The Future of Immigration: Current Reforms and Prospective Relief

By Attorneys Robert L. Reeves and Eric R. Welsh

 On January 29, 2013, President Obama delivered an address in Las Vegas, Nevada to promote the cause for “common-sense, comprehensive immigration reform.”  President Obama noted that now is the time for reform in an area of law “where the differences are dwindling, where a broad consensus is emerging and where a call for action can now be heard coming all across America.”  Indeed, congressional leaders from both parties appear committed to backing legislation to overhaul the immigration laws, and legislators are now well aware that immigrant populations will continue to play a significant role in the future of American politics.  Immigration reform seems imminent.  

 Immigration reform is not new to the Obama administration.  President Obama’s first presidential campaign platform included a commitment to reform, and in the last two years of his first term, President Obama backed some significant administrative changes to immigration policy that affected millions of noncitizens living in the United States. 

In two parts, this article will address recent and forthcoming changes to immigration law and policy.  This first part will summarize the significant policy changes that have already occurred.  The second part will analyze the likely changes that may come in consideration of President Obama’s proposals and the proposals of leading members of Congress. 


 Starting in 2011, Secretary of Homeland Security Janet Napolitano and directors within the Department of Homeland Security issued a series of memoranda in an effort to expand the use of “prosecutorial discretion” in the context of immigration removal.  

 The Department of Homeland Security has encouraged agents and attorneys of Immigration & Customs Enforcement (ICE) to exercise prosecutorial discretion in deciding which cases to pursue for removal or deportation from the United States.  ICE agents have been advised to focus resources on high-priority cases involving dangerous criminals, and to make available the option to cancel removal in the case of a person with strong family ties, no criminal record, and other favorable equities.  This policy has resulted in the termination of numerous deportation and removal cases, preventing the break-up of families that were facing seemingly imminent separation.  In addition, the Department of Homeland Security has been much more judicious in deciding which case need to be referred to an immigration judge, with the result that fewer removal proceedings have been commenced when the only violation is a visa overstay. 

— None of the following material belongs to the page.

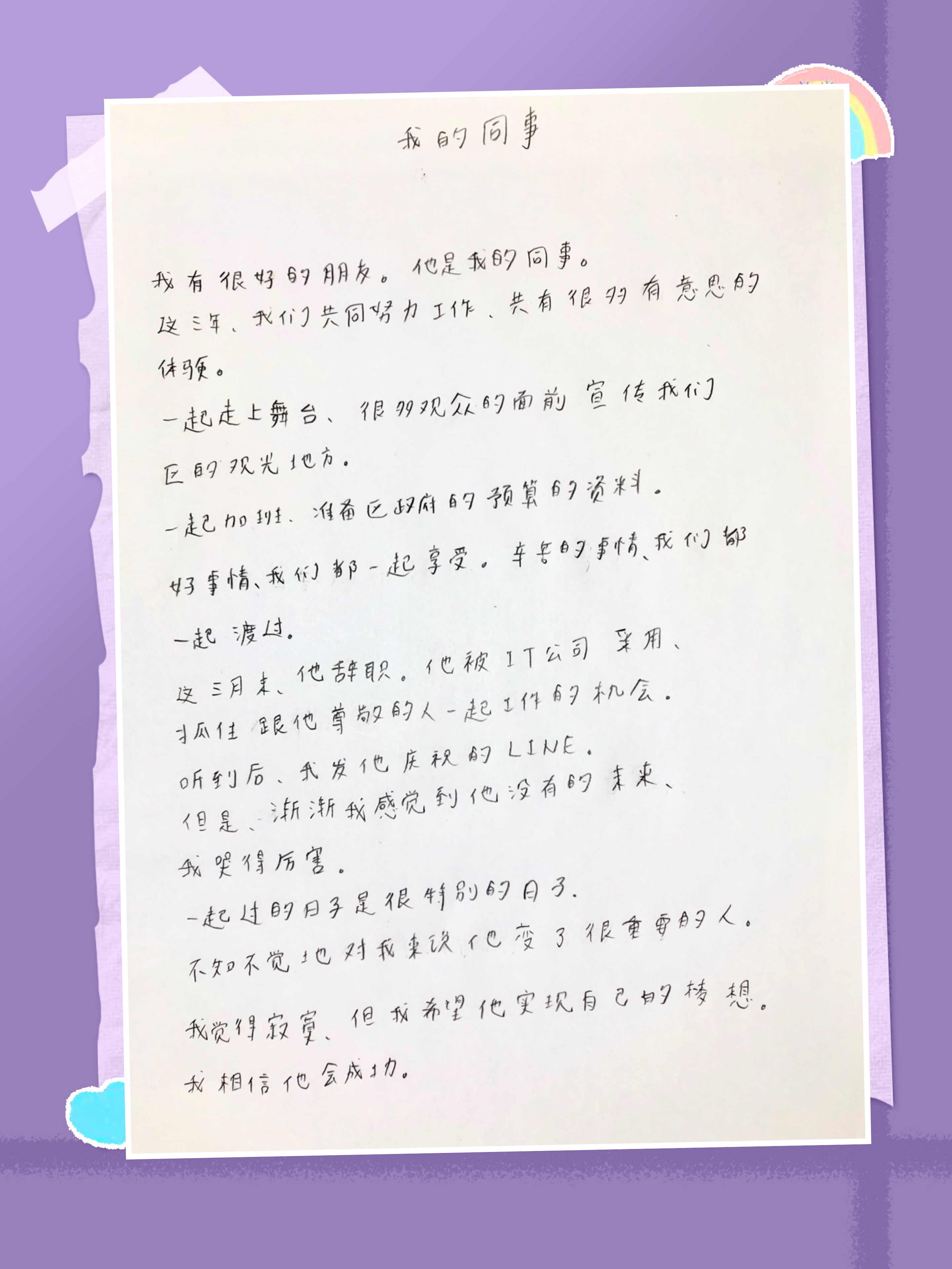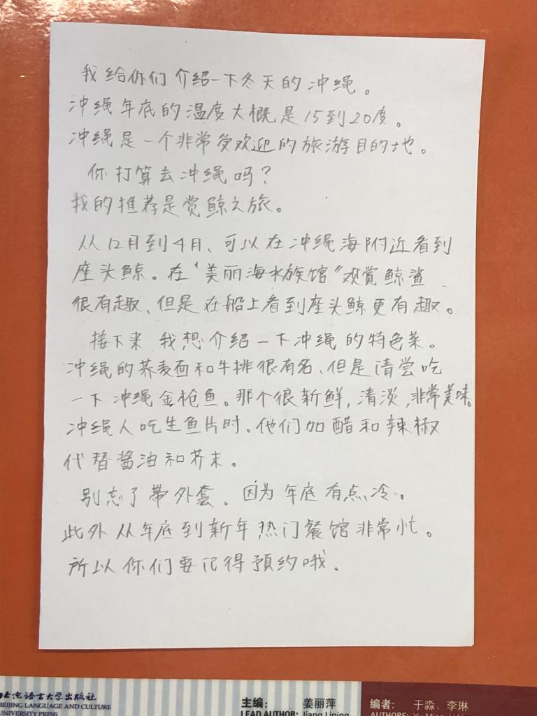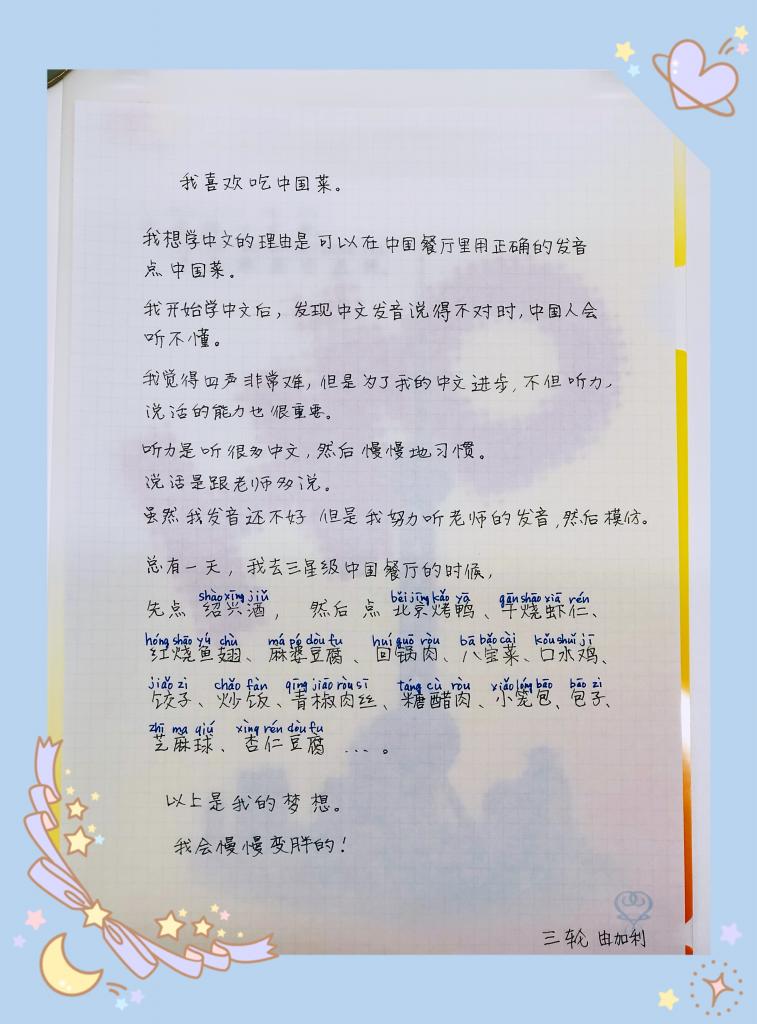 いかがでしょうか?今年の八月末にご来校し、ゼロから勉強し始めて、わずか三ヶ月ちょっとでこのように立派に中国語で作文ができるようになりました。今はHSK三級教材を使用し、週二回、一回2コマ受講されています。語学は短期集中の絶対に効率のいい学習結果が得られます。

As of March 4, 2013, a new waiver application known as the “provisional waiver” is available to certain immediate relatives who are not otherwise eligible to apply for a green card in the United States.  This will significantly shorten the time that families are separated while family-based applications are pending. 

The provisional waiver will be provide significant assistance to persons who are not eligible to adjust status in the United States because of their manner of entry (e.g., entry without inspection, entry as a fiancé but no marriage to fiancé petitioner, entry as a crewman).  The provisional waiver, in its current form, is only available to “immediate relatives” (i.e., spouses, children, and parents of U.S. citizens), but may be expanded in the future to include other visa applicants. 


Last year, President Obama exercised his authority to put in place an application process known as Deferred Action for Childhood Arrivals (DACA) in order to provide some relief through administrative channels for young persons who have lived in the United States for several years and attended schools in the United States.  In general, DACA is available to a person who: (1) was under the age of 31 as of June 15, 2012; (2) entered the U.S. before the age of 16; (3) has resided in the U.S. since June 15, 2007 up to the present date; (4) is currently out of status; (5) is in school or has graduated from school in the U.S. (or is a veteran of the Coast Guard or Armed Forces); and, (7) has not been convicted of a felony or a significant misdemeanor. 

A person who is eligible for DACA can apply for “deferred action,” meaning that the immigration services will take no action to effect that person’s removal from the United States while deferred action is in place.  In addition, a DACA applicant can apply for work authorization, a Social Security number, and a driver’s license.  DACA is granted for a period of two years, and can be renewed upon expiration in two-year increments.  There is no limitation on the number of renewals.    

Among other changes that will be addressed in Part 2 of this article, President Obama and members of Congress have expressed the desire to push the DREAM Act forward in order to make DACA relief permanent.  Under the proposed DREAM Act, the work authorizations issued under DACA will lead to permanent residency and citizenship. 

These changes that have already taken effect are significant, but the proposals for comprehensive reform that are currently on the table have the potential to be game-changing.  These prospective reforms will be analyzed in the next part of this article.